At the finish of another six weeks of training he was sent from “HMNZS Philomel” to join “HMNZS Waiho”, a new 135 feet, coal burning, steel minesweeper trawler of 612 tons all up. Based in Auckland they spent their time sweeping their area off the north-eastern coast from Bay of Islands to Coromandel. “Waiho” was armed with a 12-pound gun, two machine guns and depth charges. She had a crew of 26.

Castle class minsweeper trawler Waiho

Jack remembers,” We would anchor somewhere for the night, perhaps Urquharts Bay in Whangarei Harbour, and set off at 7-00 in the morning to sweep for maybe twelve hours. We often spent the night at one of four anchorages we had at the Great Barrier.” Each trip would last for up to two weeks.

“The Captain, Lieutenant W.S. Laurie, and his officers really had to know their navigation. It could be a complicated business,” says Jack.

The minesweepers usually worked in a team of six or eight ships, side by side, in an area up to twenty miles out to sea. There was no room for error if their kilometre long trailing cables were not to tangle. And they had to sweep and note the area correctly. If a mine was hooked the vanes at the end of the cable automatically cut the mine”s cable.

When each area was swept a row of “Dan Buoys” was laid to show the zone cleared. The last row of buoys was left to show them where to start next morning.

In fact Jack”s ship never came up with a mine because the area was swept continually after RMS Niagara was sunk off Whangarei Heads in June 1940. It was then realised that German raiders had laid huge minefields at harbour entrances all around New Zealand. Jack explains, “Our job was to always keep them clear of more mines.”
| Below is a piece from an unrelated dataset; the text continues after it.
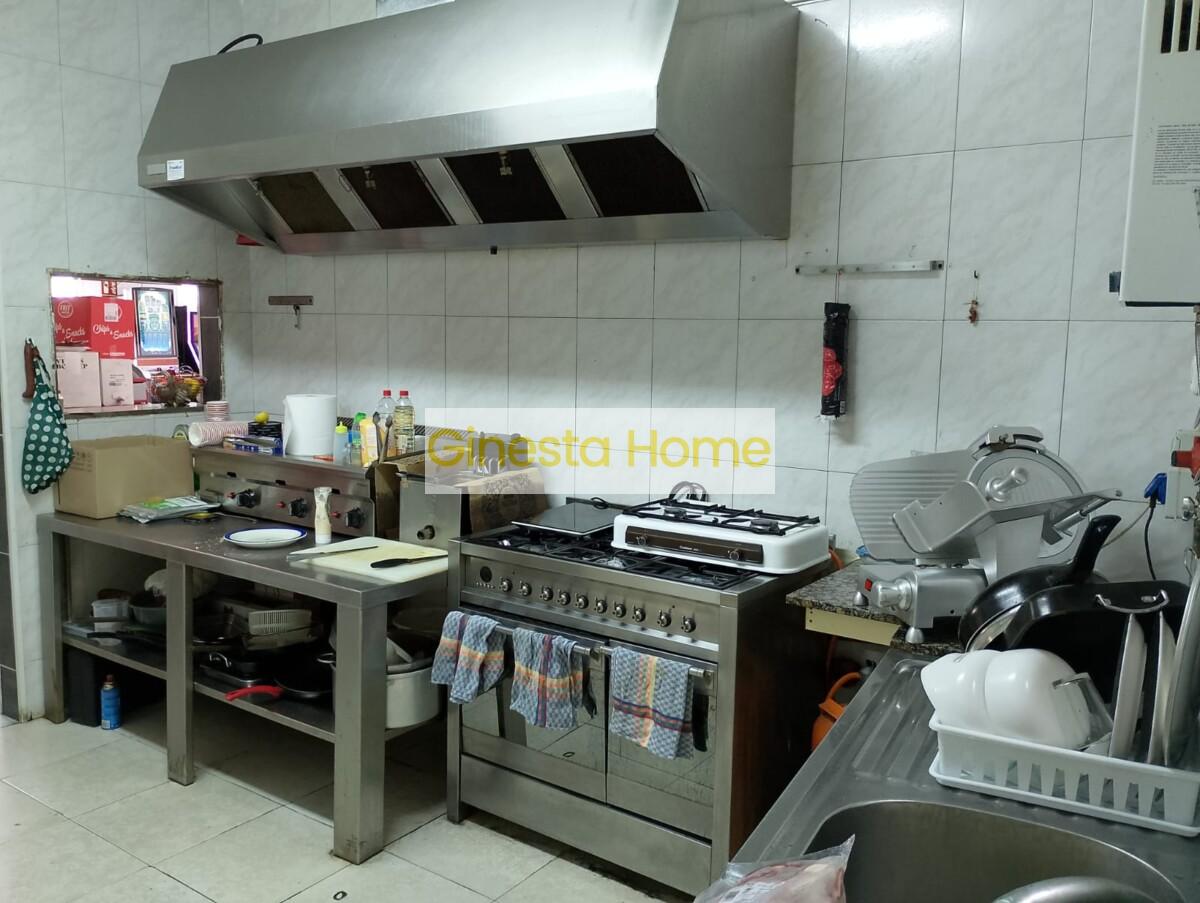 El local està 100% equipat en cuina, barra i sala, sense necessitat d'inversió inicial. Gaudeix de cuina industrtial, amb cambra frigorífica professional, múltiples neveres, 2 forns, planxa, extracció i tot el parament necessari. A més té una zona d'oci i serveis addicionals, com billar, futbolí, tres màquines recreatives i màquina de tabac.

The Navy is traditionally known as the Silent Service because they say little about their operations. That is especially true of the minesweeper ships. It was not a glamorous job, but a sometimes dangerous, difficult task, efficiently and well done.

Jack Matthews was demobilised from the Navy in late 1945 after the war ended, returning to his job as groceries manager at Farmers Trading Company in Dargaville. He then took over management of the Trading Department at Northern Wairoa Dairy Company where he stayed for 26 years, retiring in 1987.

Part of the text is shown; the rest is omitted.